Exact reproduction of the data is required, with images excluded.

§ Stored entries:
'''
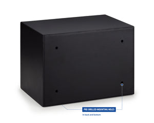 • 4 pre-drilled holes in the back and the bottom to bolt to a solid surface.
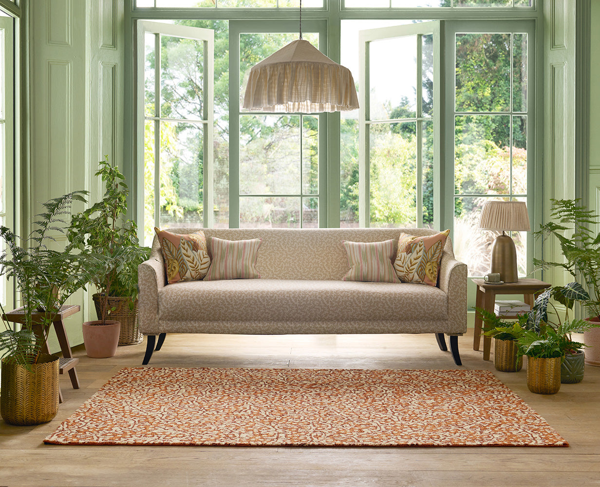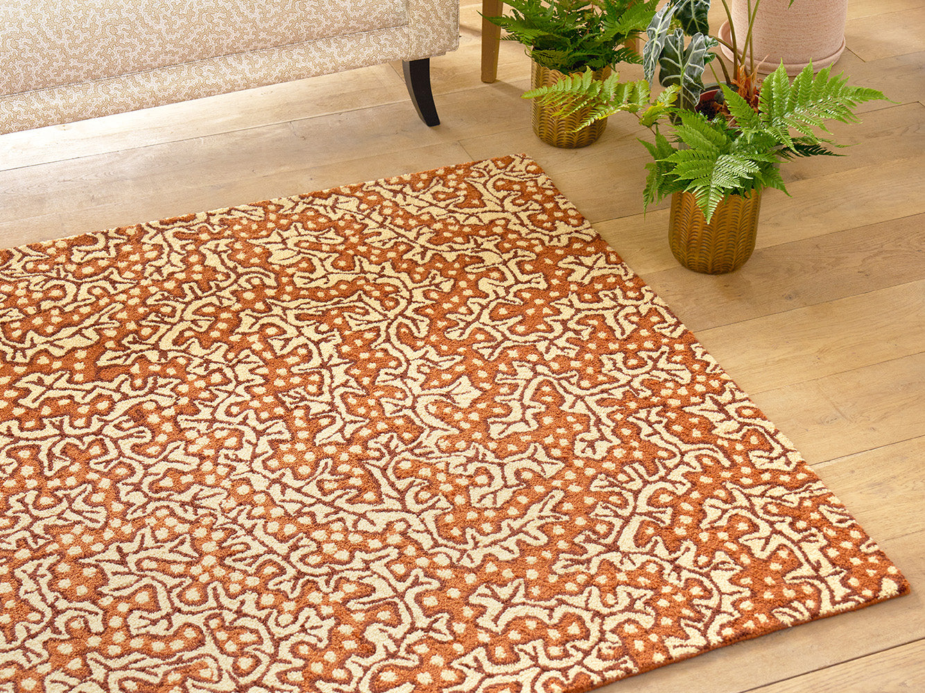 Like the cross section of a truffle, this archive design is made from lines of pin dots on a spotted ground. A lovely mix of texture and tone, use as a coordinate to the entire Sanderson range. Expertly hand-tufted from 100% recycled PET, it combines sustainability with style.
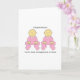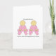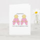 Niñas gemelas con trajes rosados y las palabras "Felicitaciones por ser abuelos a mellizos".
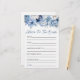 Este es un consejo floral azul turbulento para el juego de ducha de novia. Consejo para la novia - ¡Escriba palabras significativas de consejo para la novia!
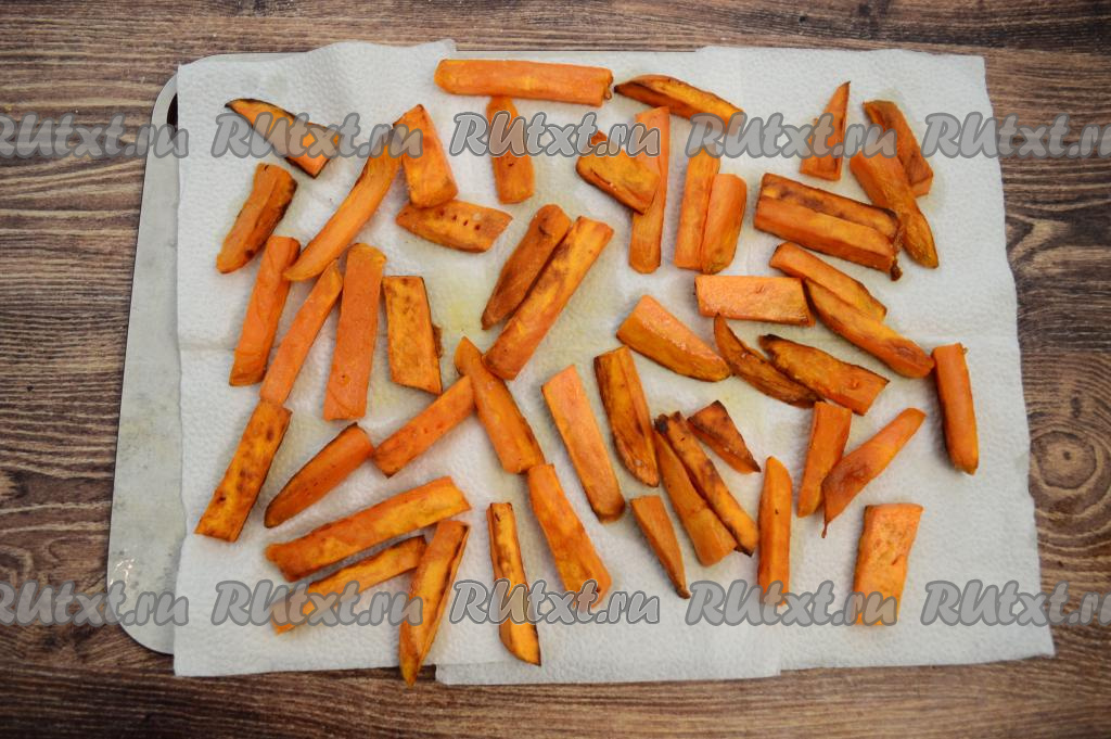 Готовый жареный батат переложить со сковороды на бумажные салфетки, чтобы удалить излишки масла.
'''
§ Result below:
 • 4 pre-drilled holes in the back and the bottom to bolt to a solid surface.
 Like the cross section of a truffle, this archive design is made from lines of pin dots on a spotted ground. A lovely mix of texture and tone, use as a coordinate to the entire Sanderson range. Expertly hand-tufted from 100% recycled PET, it combines sustainability with style.
 Niñas gemelas con trajes rosados y las palabras "Felicitaciones por ser abuelos a mellizos".
 Este es un consejo floral azul turbulento para el juego de ducha de novia. Consejo para la novia - ¡Escriba palabras significativas de consejo para la novia!
 Готовый жареный батат переложить со сковороды на бумажные салфетки, чтобы удалить излишки масла.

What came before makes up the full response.